La artista que sentía que el destino había influido para conducirla hasta mí ejerció un profundo efecto en mi conocimiento de la naturaleza del análisis. Cuando en medio de este análisis concreto caí inesperadamente en la cuenta de que no veía con claridad mis propias metas, ahondé en el conocimiento de la alquimia como metáfora del proceso, y supe por qué Jung había profundizado tanto en la materia (en Psicología y alquimia; en Psicología de la transferencia, que utiliza un tratado alquímico como recurso explicativo, y en Mysterium Coniunctionis). Empecé a tener la impresión de que el análisis con ella se extraviaba en un laberinto o un dédalo inescrutable. En la mitología, cuando Teseo se interna en el laberinto para enfrentarse al Minotauro tiene la ayuda del hilo dorado de Ariadna para salir. Para mí, como cada nueva esquina y vuelta del dédalo psicológico requería elegir una acción o interpretación, parecía que la intuición era el hilo dorado en el que debía confiar para sacarnos a la luz. Tuve que emplearme en algo mucho más profundo de cuanto conocía por mis prácticas y mi experiencia clínica previa, y gracias a esa experiencia gané humildad y la confianza en recibir ayuda de los sueños y acontecimientos sincronísticos.

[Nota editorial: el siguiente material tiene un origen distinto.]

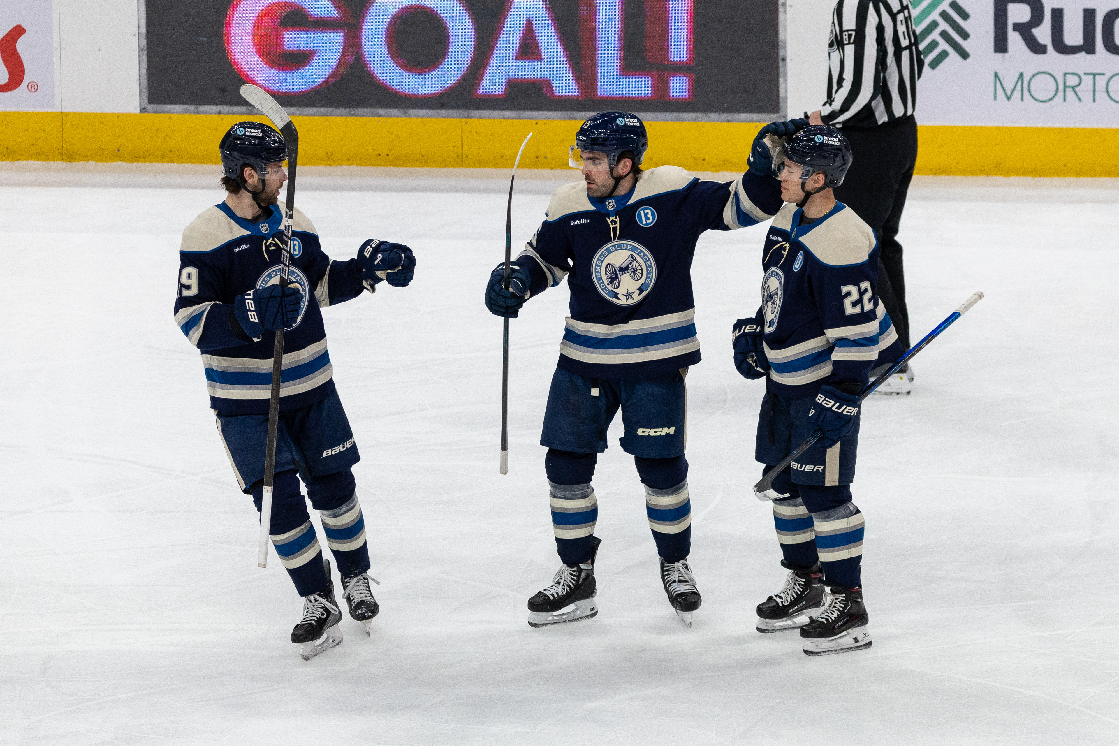 Columbus Blue Jackets Forward, Jack Williams, makes his NHL debut and takes his rookie lap at the last home game against the Islanders at Nationwide Arena on April 17, 2025.
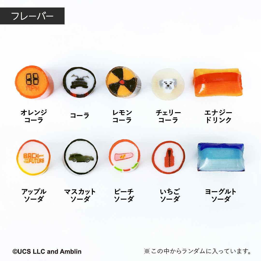主人公マーティが大好きなコーラをベースにした「キャンディA」、爽快なソーダフレーバーを集めた「キャンディB」。あの味を思わせる味わいや、未来のカフェで手に取った気分を楽しめるアレンジも加わり、口に入れた瞬間に映画の世界へタイムスリップ!

Puesto que el análisis es un encuentro humano muy intenso, no es solo el paciente el que se ve afectado por el proceso: el poder de esta relación puede afectar también al terapeuta. Por esta razón, Jung consideró que el proceso analítico era parecido a una reacción alquímica: si un elemento (el paciente) sufre una transformación durante el proceso, el otro (el analista) también se verá afectado. Como analista, tengo la impresión de que mis pacientes entran por la puerta de mi consulta trayendo consigo la oportunidad y la necesidad de descifrar aspectos de mí misma. Los asuntos de los que necesito hacerme consciente, lo que pueda ser un talón de Aquiles, mis puntos débiles, todo parece llegar sincronísticamente a mi consulta. Asumiendo esto, cuando la sincronicidad parece tener algo que ver trayéndome a alguien, me pregunto si será un encuentro significativo tanto para mí como para el paciente.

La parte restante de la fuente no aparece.